File Upload

Overview

This page contains recommendations for the implementation of secure file upload functionality.

General

File name sanitization

  • Implement a comprehensive input validation for file names, see the Input Validation page.

    • Enforce a limit to file name. For example, require the length of a file name to be between 1 and 64 characters.

    • Define an allow-list of characters for file names. The allow list must consist of alphanumeric characters, hyphens, spaces, and period characters.

Example

The regex \A[A-Za-z0-9._-]{1,64}\z can be used to validate that a file name only includes alphanumeric, hyphen, space and period characters within a minimum of 1 until a maximum of 64 characters length.

File extension validation

  • Implement a comprehensive input validation for file extensions, see the Input Validation page.

    • Define an allow list of extensions. Do not use block list validation.

Clarification

Unfortunately, block list validation may miss unknown bad values that an attacker could leverage to bypass the validation. For example, mixing lowercase and uppercase characters; adding a valid extension before or after an invalid extension; adding special characters within or at the end of the extension; or a combination of the previous bypassing techniques.

file.pHp
file.png.php
file.php.png
file.php%20
file.php%00
file.php%00.png
file.png.jpg.php
file.PhP%00.pNg%00.jpG
file.%E2%80%AEphp.jpg

Note that input data must be normalized before any comparison, validation or processing. If normalization is not done properly, allow list validation can be bypassed easily, check the Normalization section in the Input Validation page.

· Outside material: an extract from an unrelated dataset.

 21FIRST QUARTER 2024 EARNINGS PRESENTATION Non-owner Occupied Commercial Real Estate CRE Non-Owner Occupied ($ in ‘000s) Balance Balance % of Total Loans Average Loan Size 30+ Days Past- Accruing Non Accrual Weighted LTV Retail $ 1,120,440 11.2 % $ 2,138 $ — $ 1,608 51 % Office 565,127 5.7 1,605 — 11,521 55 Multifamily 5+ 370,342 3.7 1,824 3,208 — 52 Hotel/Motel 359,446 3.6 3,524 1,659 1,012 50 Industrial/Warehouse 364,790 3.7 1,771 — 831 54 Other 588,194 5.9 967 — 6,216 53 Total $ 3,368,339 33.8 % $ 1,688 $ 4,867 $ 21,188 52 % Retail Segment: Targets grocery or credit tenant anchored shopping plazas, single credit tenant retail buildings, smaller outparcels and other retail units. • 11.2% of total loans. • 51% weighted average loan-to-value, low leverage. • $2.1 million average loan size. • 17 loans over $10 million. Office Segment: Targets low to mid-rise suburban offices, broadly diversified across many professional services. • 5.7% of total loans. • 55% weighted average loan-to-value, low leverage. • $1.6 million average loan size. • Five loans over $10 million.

  • Avoid uploading files with potentially dangerous extensions, see the Dangerous file type section.

Content-Type validation

  • Define an allow list of MIME types and validate the Content-Type HTTP header against this list. Do not use a block list validation.

Note

The browser sends the following Content-Type header for each uploaded file in form-data requests:

POST /photo/upload HTTP/1.1
Content-Length: 1337
Content-Type: multipart/form-data; boundary=---------------------------974767299852498929531610575

-----------------------------974767299852498929531610575
Content-Disposition: form-data; name="description"

some text
-----------------------------974767299852498929531610575
Content-Disposition: form-data; name="myFile"; filename="foo.txt"
Content-Type: text/plain

(content of the uploaded file foo.txt)
-----------------------------974767299852498929531610575--

This Content-Type header is often provided as MIME-type by language/frameworks.

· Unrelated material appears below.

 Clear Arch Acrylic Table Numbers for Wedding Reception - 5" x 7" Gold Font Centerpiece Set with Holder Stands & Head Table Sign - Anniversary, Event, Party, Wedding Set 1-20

  • Implement MIME Sniffing to extract the effective MIME type of a file's content.

  • Avoid uploading files with potentially dangerous MIME types, see the Dangerous file types section.

MIME Sniffing implementation

The Content-Type header can be easily manipulated by a user and spoofed to bypass Content-Type verifications. Therefore, it can not be fully trusted. However, there is a content sniffing algorithm known as MIME Sniffing that provides a more in-depth Content-Type validation and can be used as a workaround for this issue.

The following libraries can be used to implement MIME sniffing:

libmagic library

File storage

Clarification

Using UUID as a file name for uploaded files is the best way to avoid vulnerabilities associated with arbitrary file names.

  • Store uploaded files outside of the webroot folder.

  • Store uploaded files separate from application content and code. For example, use a separate volume or a third-party storage.

  • Define an appropriate directory structure accordingly to your file system.

Clarification

Most file systems have theoretical and practical limits on the amount of files/directories that can be stored within a single directory or file system. Moreover, there are some performance issues when a single directory contains a huge amount of files.

Therefore, it is important to be aware of file system limits and create a directory structure that mitigates these issues.

There is no standard for creating such a directory structure, but a good approach that distributes files within a directory structure is as the following:

  1. Take the first two characters from the UUID file name.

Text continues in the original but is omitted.